Extract Content from Excel

The Excel feature in the Basic Engine Robot is designed to extract data from an Excel document and use it for other automation tasks. Also, you can update an existing excel document with data. If you want to create a new document and you want some advanced styling and formatting in it, create a template document in a dedicated Excel application and then fill data into it using the robot. You can use built-in number formats in the spreadsheet.

Note To see the supported data formats, use the BuiltinFormats.getAll() POI method or navigate to https://poi.apache.org/ and search the site for "built in formats".

Design Studio has three steps for extracting content from a spreadsheet:

  • The Extract Cell step is used to extract text content from the found range.
  • The Extract Sheet name step is used to extract the sheet name of the sheet of the found range.
  • The Extract As HTML step is used to extract the found range of a spreadsheet as an HTML page containing a table with the cells of the range into a variable.

For the Extract Cell and Extract As HTML steps you can specify what to extract from the cells. This is controlled by the value of the Extract This option. The choice here is the same as the View Modes for the Spreadsheet View. The possible options are described in this topic.

Formatted Values

The extracted values are what you see in Excel and the values of dates and numbers are extracted formatted, which means that numbers may have fewer decimals than the actual values of the cells.

Plain Value

The extracted values are the actual values that Excel would show if the values of the cells were not formatted. For example, numbers would not have rounding of decimals.

Formulas

If a cell contains a formula, it is extracted or otherwise, it is the same value as for the Plain Values option is extracted.

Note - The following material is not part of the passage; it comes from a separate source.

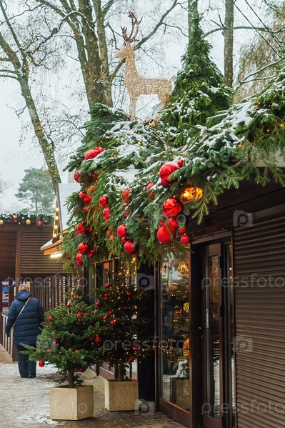 Калининград, Россия - 2022, 4 декабря: Красные елочные игрушки и еловые ветки на улице. Украшаем город к Новому году

If you create the steps by right-clicking the Spreadsheet View, the value of Extract This is set to the value of the selected View Mode. If you set the View Mode to Formulas and then right-click in the page view and select Extract > Text from the context menu (into a text variable), the Extract This option of the Extract Cell action step is set to Formulas.

You may need to reformat (or normalize) the extracted content, and the Extract Cell action allows you to do this by configuring a list of data converters.

To do so, in the Spreadsheet view, right-click to create a step. Select the desired extract step and specify necessary parameters.

Shared formulas in Excel files

The built-in Excel driver does not support documents with shared formulas. A shared formula is a cell with a formula that is automatically copied to other cells. Any operation that changes the structure of an Excel document containing shared formulas, such as adding or removing rows, may lead to errors in this document.

This limitation is only observed in Excel documents created outside Design Studio. An Excel file created with a robot cannot contain shared formulas.

Workaround: Ensure that your Excel document does not contain any shared formulas. When copying a formula cell to many cells, do not copy it to multiple cells at once; instead, copy the formula to one cell at a time.

Alternatively, you can use the convertSharedFormulas.snippet file included in the Snippets folder of your Kofax RPA installation to convert any shared formulas in your Excel document. The snippet performs these steps:

  1. Takes an Excel document containing shared cells.
  2. Loops over all formula cells.
  3. For each of these cells, extracts the formula and set it on the cell again.